● DATA:
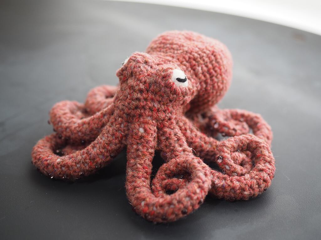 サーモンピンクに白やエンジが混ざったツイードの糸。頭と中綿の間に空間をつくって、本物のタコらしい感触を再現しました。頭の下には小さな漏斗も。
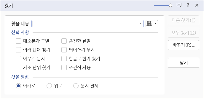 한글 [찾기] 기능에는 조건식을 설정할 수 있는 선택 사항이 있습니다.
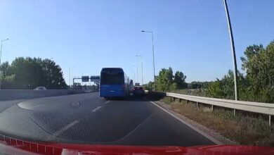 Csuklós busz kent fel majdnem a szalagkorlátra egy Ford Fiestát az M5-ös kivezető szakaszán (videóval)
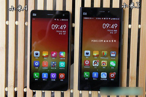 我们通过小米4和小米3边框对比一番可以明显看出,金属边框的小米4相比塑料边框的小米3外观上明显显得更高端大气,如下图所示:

==

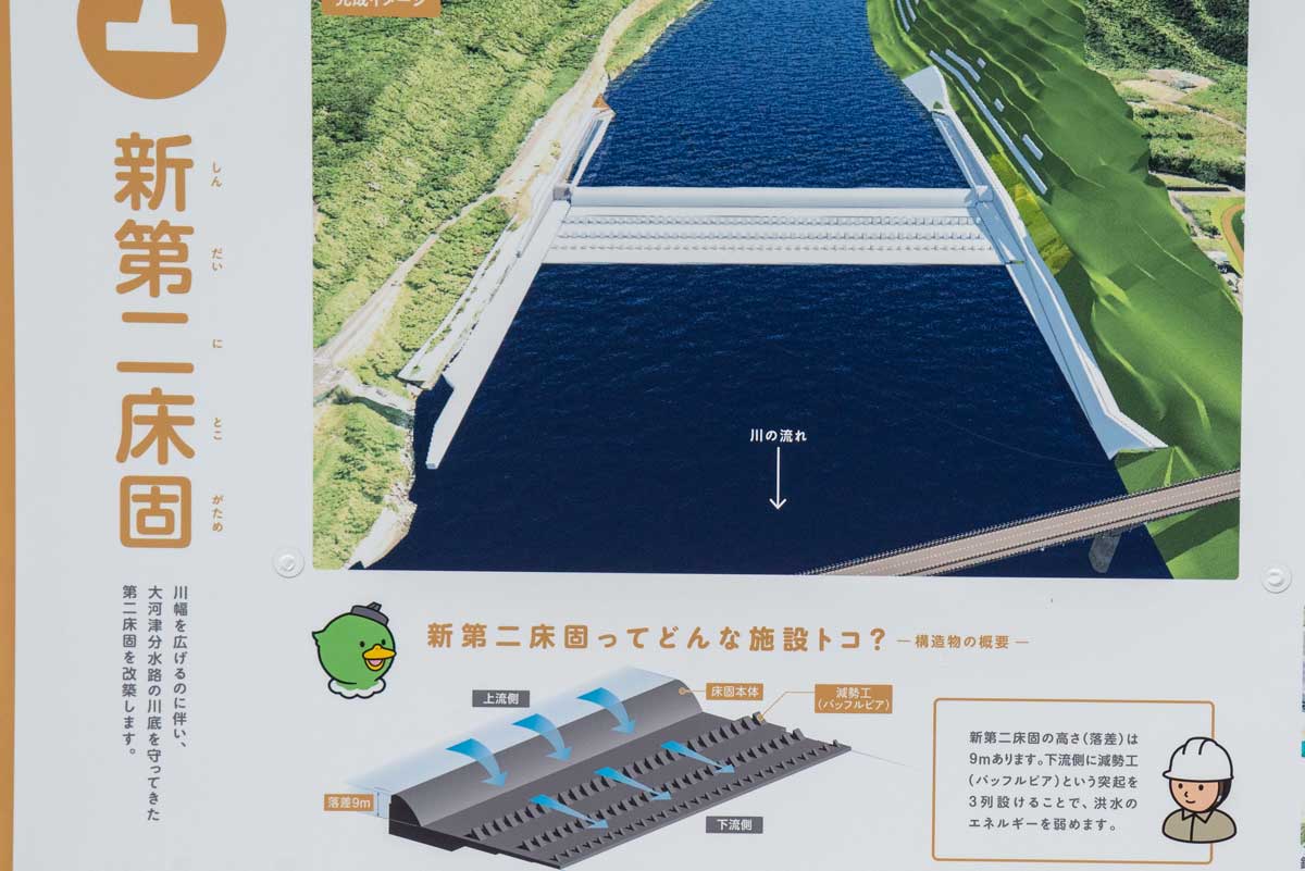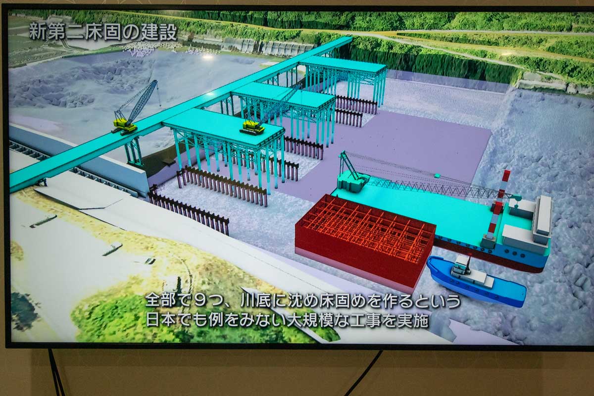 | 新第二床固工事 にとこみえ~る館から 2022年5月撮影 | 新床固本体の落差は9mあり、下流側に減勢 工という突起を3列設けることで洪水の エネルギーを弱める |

---

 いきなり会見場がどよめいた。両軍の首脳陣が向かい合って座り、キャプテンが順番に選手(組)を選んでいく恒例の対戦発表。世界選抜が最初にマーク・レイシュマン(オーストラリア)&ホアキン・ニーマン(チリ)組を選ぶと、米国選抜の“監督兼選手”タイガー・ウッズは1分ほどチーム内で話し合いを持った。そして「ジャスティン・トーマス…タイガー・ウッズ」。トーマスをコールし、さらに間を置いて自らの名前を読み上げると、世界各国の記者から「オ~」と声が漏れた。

● WHAT TO PRODUCE: Pictures in the entries do not go into the copy. Print only the lines starting at the one containing "한글 [찾기] 기능에는 조건식을 설정할 수 있는 선택 사항이 있습니다." and ending at the one containing "我们通过小米4和小米3边框对", exactly as they appear.

● RESPONSE AREA:
 한글 [찾기] 기능에는 조건식을 설정할 수 있는 선택 사항이 있습니다.
 Csuklós busz kent fel majdnem a szalagkorlátra egy Ford Fiestát az M5-ös kivezető szakaszán (videóval)
 我们通过小米4和小米3边框对比一番可以明显看出,金属边框的小米4相比塑料边框的小米3外观上明显显得更高端大气,如下图所示:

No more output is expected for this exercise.